REVIEW Oakland players shine in 'Tavern'



A 12-year-old boy is questioning his Catholic faith.
By GARRY L. CLARK
VINDICATOR STAFF WRITER
YOUNGSTOWN -- A nostalgic, humorous look at growing up Catholic in the late 1950s was presented Friday evening as the Oakland Center for the Arts opened its production of "Over The Tavern."
Told from the point of view of Rudy, a precocious 12-year-old, the play revolves around the Pazinski family of Buffalo, N.Y.
The family lives above the tavern owned by Chet Pazinski, a somewhat ill-tempered man who is more feared than loved in his home.
Rudy, on the cusp of adolescence, has begun to question some of the things he's being taught at St. Casimir's, the neighborhood parochial school.
Rudy's world
In fact, he's giving his teacher, Sister Clarissa, nearly apoplectic fits with his innocent questions that, to her, border on sacrilege.

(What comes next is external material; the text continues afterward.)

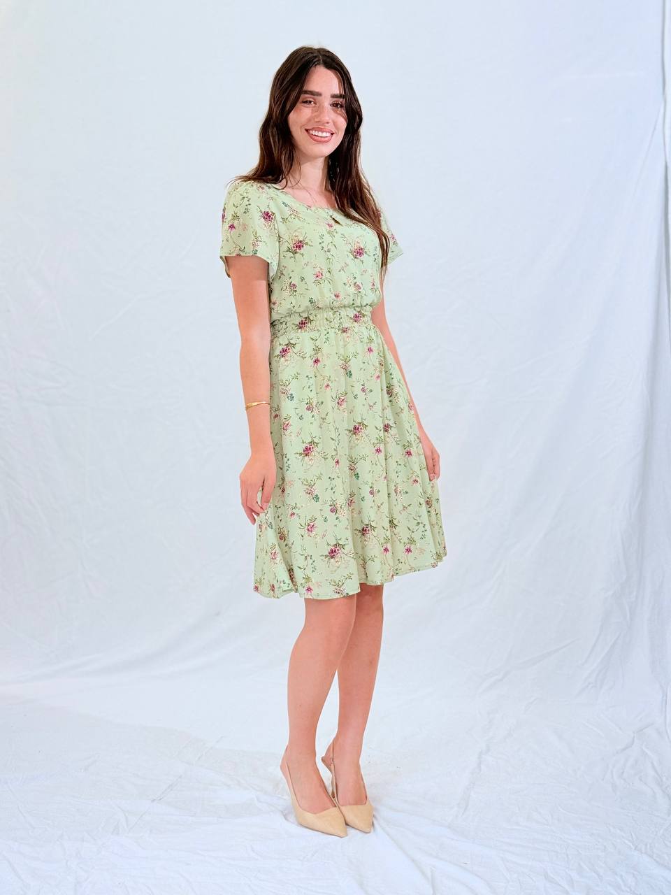 שמלת מידי רומנטית בגזרה מחמיאה עם כיווץ במותן, לנערות ונשים.
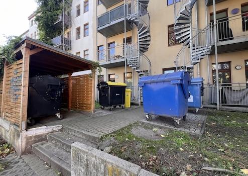 Die Außenanlage umfasst einen gepflasterten Innenhof mit Zugang zum Seitenhaus sowie einen Müllplatz. Der Innenhof bietet eine gepflegte und aufgeräumte Umgebung und erleichtert den Zugang zu weiteren Bereichen des Hauses.

Rudy's siblings Eddie and Annie are coping as best they can with their father's temper, and Georgie, their mentally retarded brother, just loves them all, though he has picked up some nasty language that he repeats at the most inopportune moments.
Anchoring the family is Ellen, the mother, who faces down her husband's outbursts with a bit of her own, often recognizing Chet's own fears and weaknesses beneath.
Rudy's questions surround many unanswerable themes, including why his brother, Georgie, was born retarded, and why his dad can't be like Robert Young on "Father Knows Best."
Told with love and humor, this piece by Tom Dudzick actually takes a look at his own upbringing and some of the critical moments of family life that poignantly turn the family's destiny within their own little circle and also their faith, which is never abandoned, but increasingly better understood.
Cast
Joey Monda made a perfectly hilarious Rudy as he searched, questioned, probed and even acted out his TV hero, Ed Sullivan, along with special guest, Jesus Christ.
Cast as his "nemesis," Sister Clarissa, was the excellent Regina Reynolds.
Though I didn't grow up Catholic, most of the audience must have, as her speeches and actions were met with much laughter and knowing nods. Her portrayal as a crusty old disciplinarian was complete with clicker and an ever-present ruler to dispense justice to recalcitrant hands.
Paul Sauline as Georgie was truly inspired, never dropping out of character for a moment, and April Sauline as Annie, and Elliott Jordan as Eddie looked and acted as if they'd just stepped out of a '50s sitcom mixed in with a little of the '70s "Happy Days."
Playing the family's patriarch, Chet, was Ed Smith, who tempered his character's angry outbursts with an underlying element of sadness that came to the fore late in the second act.
And, finally, providing that all-important family glue was Denise Sculli as Ellen, whose remarkable performance makes one believe that this is a real family trying to make it in a real world with very real and common obstacles to overcome, even in the so-called "Golden Age" of the 1950s.